Variety of reasonably priced restaurants.  

Ideally, it would be within one day drive of Washington DC, but I'm interested in resorts further away as well.

We would most likely go between May - September.

We love Massanutten, but would like to try something different.


----------



## Merilyn (Oct 24, 2010)

Why not try the Smoky Mountain area. They have several resort in the area. We own at Wyndham Smoky Mountain. It is a great place and close to everything. The area is great for all the things you listed that you want to do.
The mountains are beautiful in the summer and the park is free to enter unlike many of the other state parks.
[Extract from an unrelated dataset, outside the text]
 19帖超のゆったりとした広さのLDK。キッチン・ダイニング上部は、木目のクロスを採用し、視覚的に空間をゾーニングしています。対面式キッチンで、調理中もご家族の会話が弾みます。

If you enjoy amusement parks, Dollywood is great and there is a water park also there. If you need any info just PM me and I will be glad to help. I am sure you will be able to find out lots of info if you go to the Smoky Mountains website.


----------



## Tommart (Oct 25, 2010)

*Wyndham Smoky Mountains*



Merilyn said:


> Why not try the Smoky Mountain area. They have several resort in the area. We own at Wyndham Smoky Mountain. It is a great place and close to everything. The area is great for all the things you listed that you want to do.
> The mountains are beautiful in the summer and the park is free to enter unlike many of the other state parks. If you enjoy amusement parks, Dollywood is great and there is a water park also there. If you need any info just PM me and I will be glad to help. I am sure you will be able to find out lots of info if you go to the Smoky Mountains website.



Merilyn, 
This resort looks very nice.  I will place it on my list of places to go.  We will try to go this spring.
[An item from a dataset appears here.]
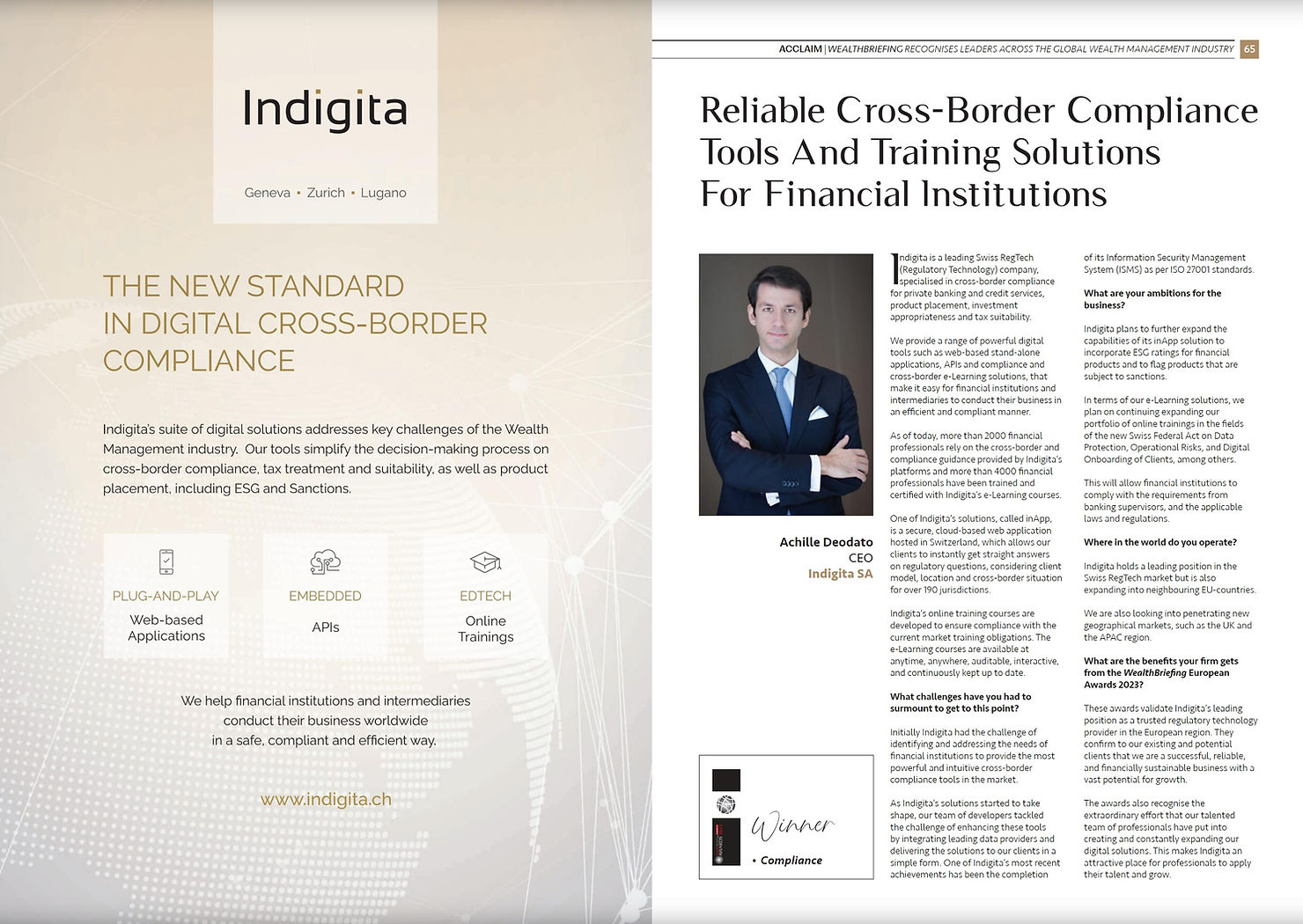 In this interview with Acclaim Magazine, Achille Deodato, CEO of Indigita, reflects on the financial industry trends, company’s journey and its rise as a prominent regulatory technology (RegTech) provider. He discusses how Indigita has become a leader in offering integrated cross-border compliance solutions and in leveraging strategic partnerships to empower financial institutions worldwide.

I'm still interested in other resort suggestions....


----------



## RIMike (Oct 25, 2010)

*Look at Willowbrook in the Pocono Mountains*



Tommart said:


> I'm interested is going to a resort like Massanutten with a large variety of activities onsite, or very close.  Do you have any suggestions?
> 
> We do not require a ski slope.
> 
> ...



I am just back from Willowbrook at Lake Harmony in the Pocono Mountains.  While I went for the Fall Foliage, it is a great location for the things you are saying you are looking for. It is located in a great central Pocono Mountain location, near Jim Thorpe, an historic town to the south and west which has great hiking, historic train rides and lots of out door activities. In summer there is white water rafting.  Located between Jim Thorpe and Lake Harmony are two wonderful and free state parks: Hickory Run and Lehigh Gorge State.  The later has a great bicycle trail from Jim Thorpe to White Haven.  I biked 15 miles round trip from Tanner to Rockport.

An hour east will bring you to the Delaware Water Gap Recreational Area which has everything imaginable to do and enjoy.  Again, I went for the Fall Foliage this time of year, but other times of the year provide great opportunities for hiking, canoeing, etc.
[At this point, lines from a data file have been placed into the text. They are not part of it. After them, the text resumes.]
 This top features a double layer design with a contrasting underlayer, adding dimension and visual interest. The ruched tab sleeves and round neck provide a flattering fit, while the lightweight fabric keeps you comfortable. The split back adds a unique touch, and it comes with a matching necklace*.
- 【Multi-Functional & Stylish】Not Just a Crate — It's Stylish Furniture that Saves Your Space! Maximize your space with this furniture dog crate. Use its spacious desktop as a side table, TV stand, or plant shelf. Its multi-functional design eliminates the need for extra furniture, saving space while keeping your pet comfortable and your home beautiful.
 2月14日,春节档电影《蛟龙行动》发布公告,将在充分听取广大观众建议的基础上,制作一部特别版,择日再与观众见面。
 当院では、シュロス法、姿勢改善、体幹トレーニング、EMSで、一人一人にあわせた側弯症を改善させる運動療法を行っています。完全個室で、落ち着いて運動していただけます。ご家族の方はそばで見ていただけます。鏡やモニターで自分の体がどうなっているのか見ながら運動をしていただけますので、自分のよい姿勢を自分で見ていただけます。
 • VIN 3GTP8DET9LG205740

At Lake Harmony, where the resort is located, in addition to an onsite indoor water park, numerous pools, of which one is indoor, tennis courts, golf course, mini golf and of course the lake...there is skiing close by in both directions, north and south within ten minutes.  The resort is brand new, beautifully appointed in a scenic location.
Sincerely, 
RIMike


----------



## Tommart (Oct 26, 2010)

*Willowbrook looks great*

Unfortunately for me, it's not an RCI resort, so I can't exchange for it.  I would have loved to exchange into Willowbrook.


----------



## JudyS (Oct 29, 2010)

Foxrun has a lot of those activities, although not all. What I'd suggest is going to http://rumblingbald.com/ and looking at their activities. Rumbling Bald is the "parent community" of Foxrun. There are a couple of other timeshares within Rumbling Bald -- Fairways of the Mountains and (I think) Fairfield Mountains.  All trade in RCI (and some in II as well.)


----------



## Holly (Oct 29, 2010)

What about Smuggler's Notch?


----------



## yumdrey (Oct 29, 2010)

As above tuggers said, Willowbrook at Lake Harmony and Smuggler's Notch are good.
I suggest Hilton Head Island too, many mini golf and kids activities.
If you don't mind 2.5 hour flying from DC, try Atlantis, Bahamas. Food is not cheap, but has worth to visit. Flight from either DCA or IAD to NAS is not expensive.
Hershey, PA has many things to do too. Only 2-3 hours from D.C.


----------



## rapmarks (Oct 30, 2010)

not within your driving distance parimeters, but christmas mountain Resort in Wisconsin Dells has many of the features you listed and the town has many more.


----------



## Tommart (Nov 2, 2010)

*Too Many Choices*

These are great recommendations.

Foxrun, Smuggler's Notch, Atlantis, and Hershey are definate places to add to my list.

Hilton Head is also good, but I stayed there about ten years ago.

I'll keep Christmas Mountain Resort on my list, but that will need to wait for the right time.

Thanks.


----------